It Takes 11 Passes to Make a Path
...or a number close to eleven
It's why golf courses don't want you driving a cart near a tee or green or where you decide to build a foot bridge over a river or creek. It's something we just seem to do as human beings. We tend to go where someone else has trodden before unless it is in snow or sand. In that case nature seems to heal itself pretty well. You don't see paths in a desert or along a beachfront property.
So you might understand better now why a golf course marshall asks you to stay on the cart path near a green with your power cart. Imagine what would happen if everyone just drove right up close to the green. Most everyone would end up taking the straightest route from the cart path to the green and another path would develop just like in the picture shown here. Imagine the bad lies you would get for your next golf shot if it didn't land on the green. So the marshall isn't just trying to act like the "golf course police". Instead that person is trying to protect the integrity of the golf course and make it the same for all players.
And a smart engineer doesn't build a bridge just anywhere across a river or creek. Where people, vehicles or animals have passed before gives one a pretty good indication of a good place to build that bridge. Chances are the ground underneath will be fairly stable and make a good foundation for that bridge.

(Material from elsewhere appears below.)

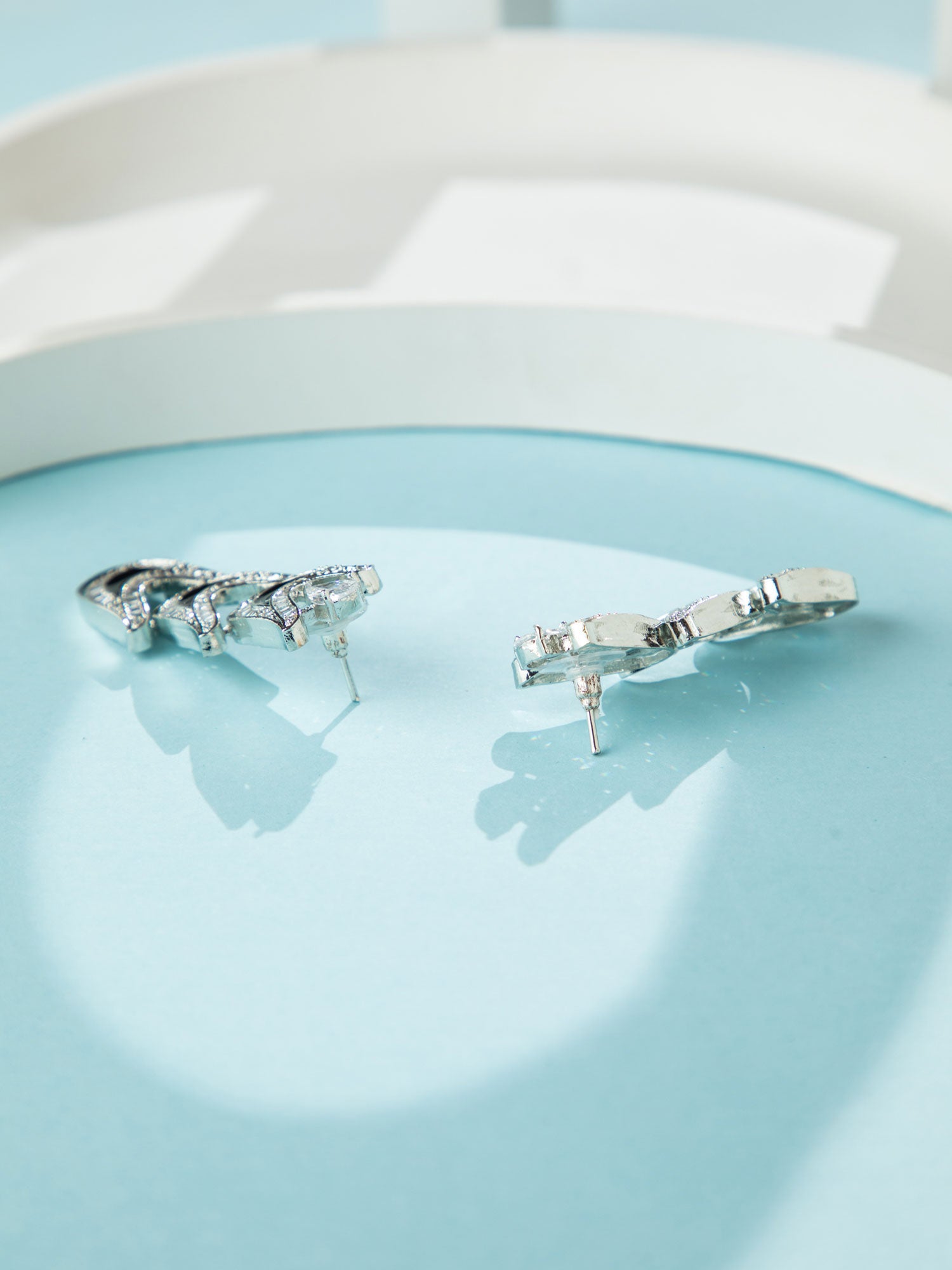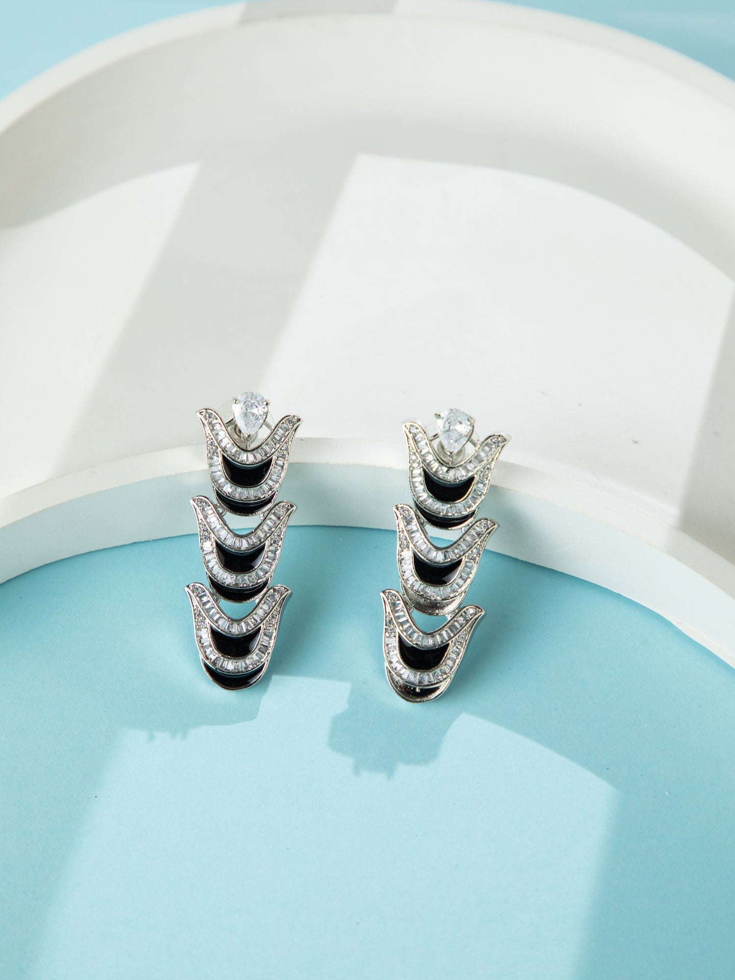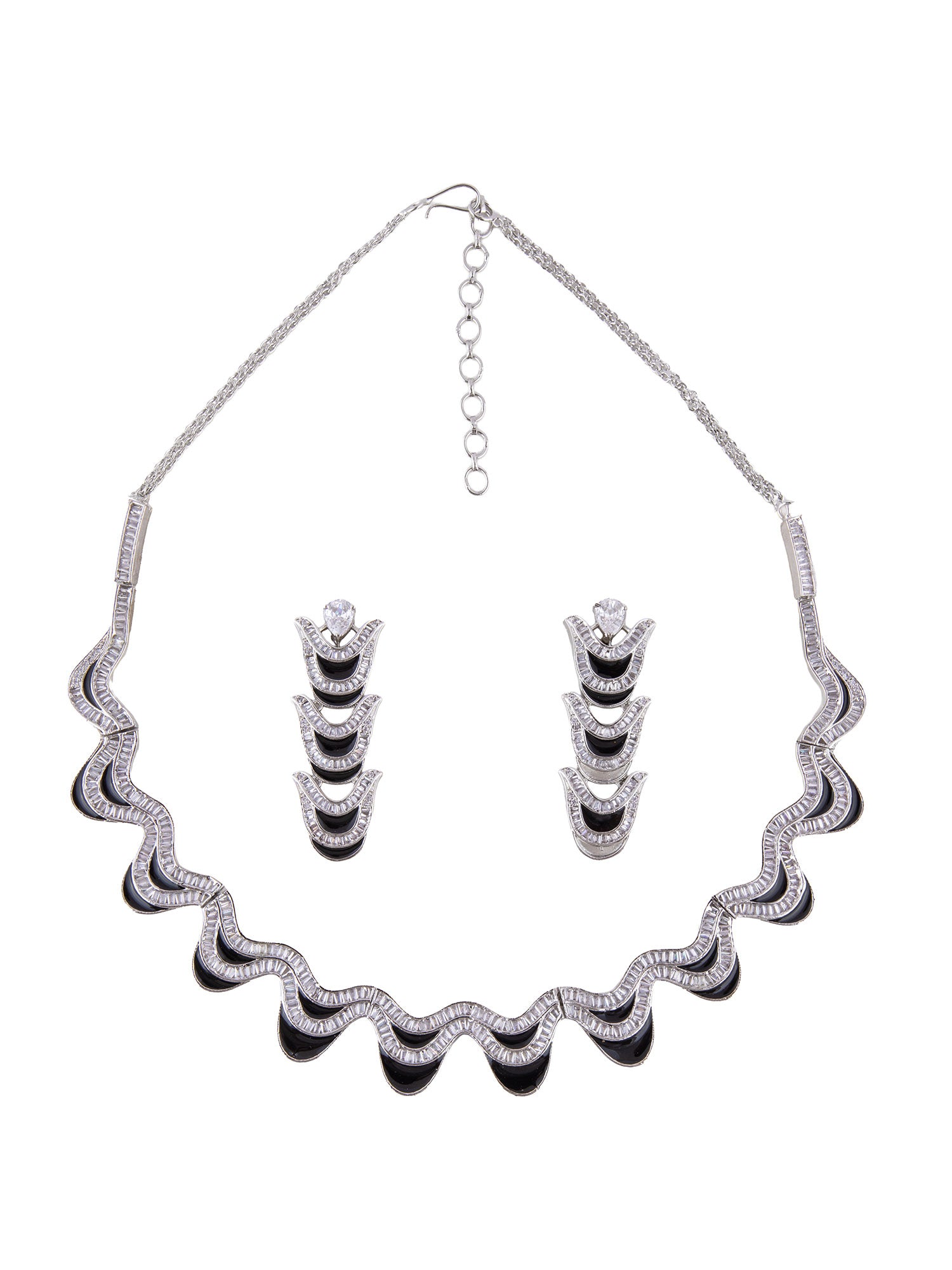 Rhodium Plated Wave Design Necklace with Black Meenakari and Matching Long Earrings

So if you want to make sure that an area in your neighborhood stays quite natural, then don't be taking that short cut through the corner lot unless the municipality is going to turn it into a park. Sure enough a path will appear very quickly as everyone cuts the corner in pretty much the same place and before you know it someone will put up a sign that says "Keep off the grass" which everyone will just ignore. And lo and behold, a path gets started. After 11 or so times, it is a path that will be very easy to follow.